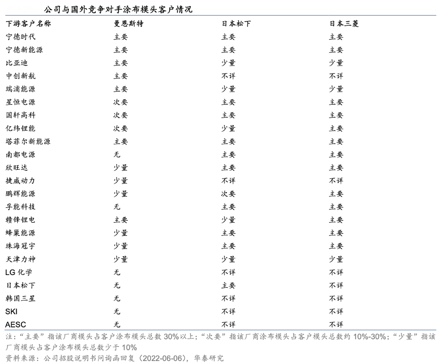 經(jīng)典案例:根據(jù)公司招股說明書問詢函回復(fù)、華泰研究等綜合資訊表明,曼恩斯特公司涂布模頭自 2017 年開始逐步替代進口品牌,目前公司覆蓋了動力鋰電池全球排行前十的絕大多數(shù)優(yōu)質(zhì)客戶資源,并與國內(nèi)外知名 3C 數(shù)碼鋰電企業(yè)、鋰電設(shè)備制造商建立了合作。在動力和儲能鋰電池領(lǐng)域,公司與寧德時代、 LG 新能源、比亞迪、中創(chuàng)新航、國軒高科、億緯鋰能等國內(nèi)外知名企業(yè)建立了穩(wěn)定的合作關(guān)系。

********

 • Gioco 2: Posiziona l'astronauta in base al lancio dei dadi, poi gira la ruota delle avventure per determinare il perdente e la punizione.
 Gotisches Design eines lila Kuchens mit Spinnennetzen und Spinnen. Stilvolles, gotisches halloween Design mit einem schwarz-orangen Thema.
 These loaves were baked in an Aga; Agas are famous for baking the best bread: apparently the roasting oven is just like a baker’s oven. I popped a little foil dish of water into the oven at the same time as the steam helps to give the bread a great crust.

********

Would you retype the lines above from the one with "Gotisches Design eines" down to the one with "These loaves were", word for word, both ends included and no other lines?

 Gotisches Design eines lila Kuchens mit Spinnennetzen und Spinnen. Stilvolles, gotisches halloween Design mit einem schwarz-orangen Thema.
 These loaves were baked in an Aga; Agas are famous for baking the best bread: apparently the roasting oven is just like a baker’s oven. I popped a little foil dish of water into the oven at the same time as the steam helps to give the bread a great crust.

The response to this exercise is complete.